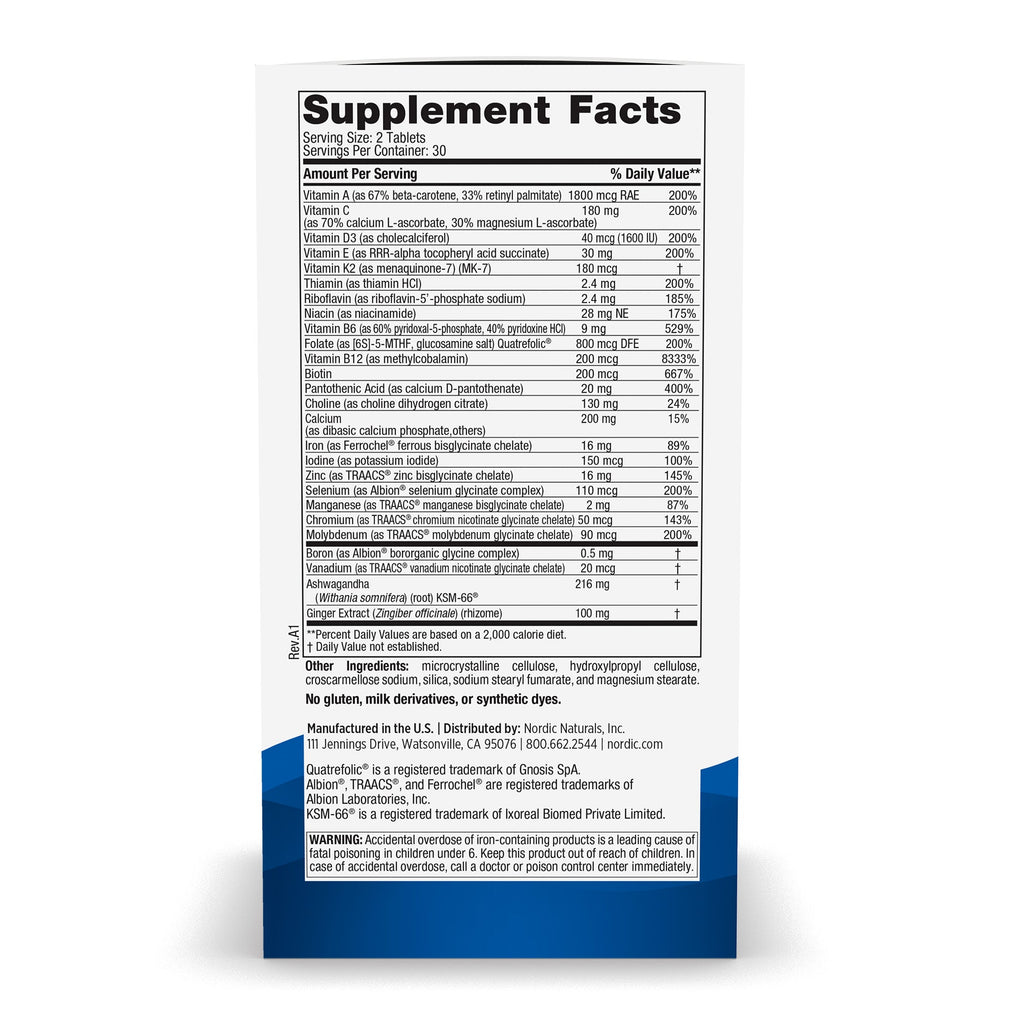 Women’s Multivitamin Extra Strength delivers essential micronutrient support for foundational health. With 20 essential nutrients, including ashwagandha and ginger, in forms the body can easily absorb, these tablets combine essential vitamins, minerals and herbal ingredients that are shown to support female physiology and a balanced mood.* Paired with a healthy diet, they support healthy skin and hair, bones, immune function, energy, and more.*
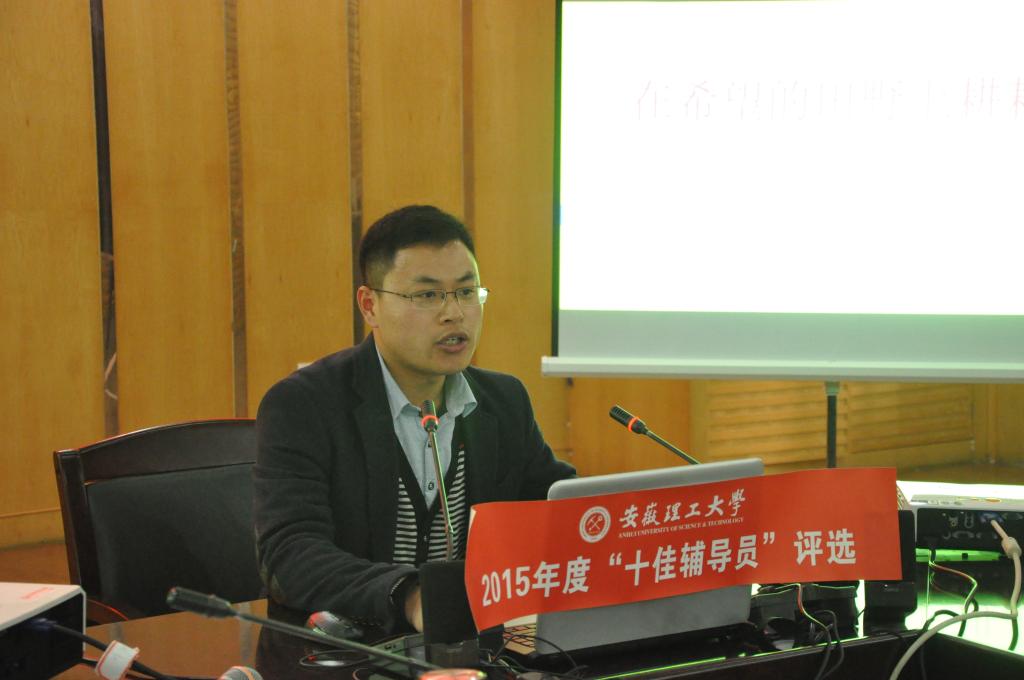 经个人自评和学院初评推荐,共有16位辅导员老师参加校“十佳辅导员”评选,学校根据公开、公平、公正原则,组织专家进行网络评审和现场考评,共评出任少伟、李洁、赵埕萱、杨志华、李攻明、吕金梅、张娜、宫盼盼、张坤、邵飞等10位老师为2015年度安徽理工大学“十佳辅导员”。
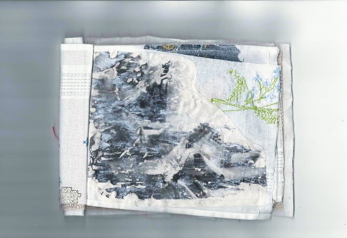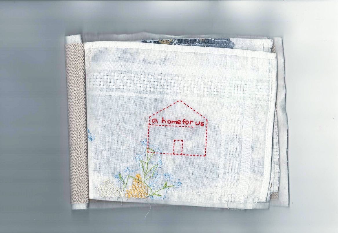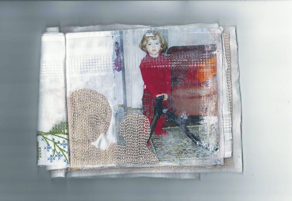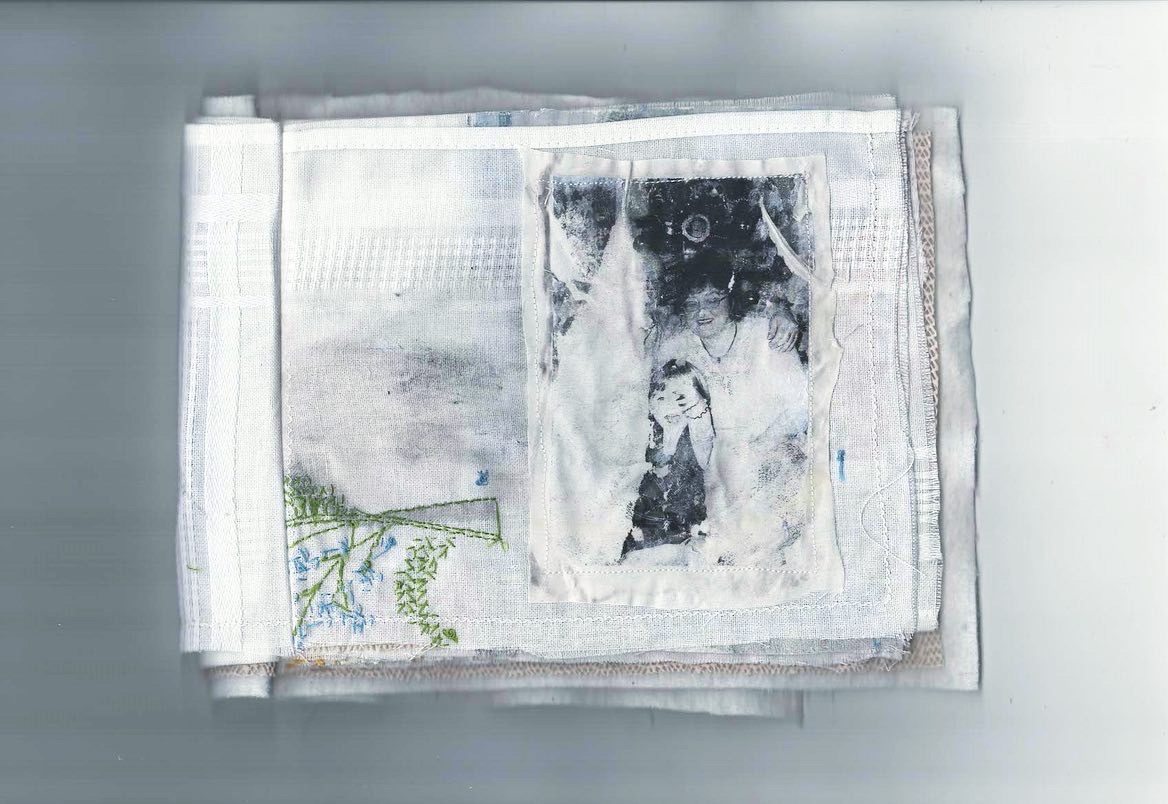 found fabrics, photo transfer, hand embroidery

-=-=-

- What is being asked: Could the data above be returned in full, exactly, with every image left out?

- Exercise output:
 Women’s Multivitamin Extra Strength delivers essential micronutrient support for foundational health. With 20 essential nutrients, including ashwagandha and ginger, in forms the body can easily absorb, these tablets combine essential vitamins, minerals and herbal ingredients that are shown to support female physiology and a balanced mood.* Paired with a healthy diet, they support healthy skin and hair, bones, immune function, energy, and more.*
 经个人自评和学院初评推荐,共有16位辅导员老师参加校“十佳辅导员”评选,学校根据公开、公平、公正原则,组织专家进行网络评审和现场考评,共评出任少伟、李洁、赵埕萱、杨志华、李攻明、吕金梅、张娜、宫盼盼、张坤、邵飞等10位老师为2015年度安徽理工大学“十佳辅导员”。
 found fabrics, photo transfer, hand embroidery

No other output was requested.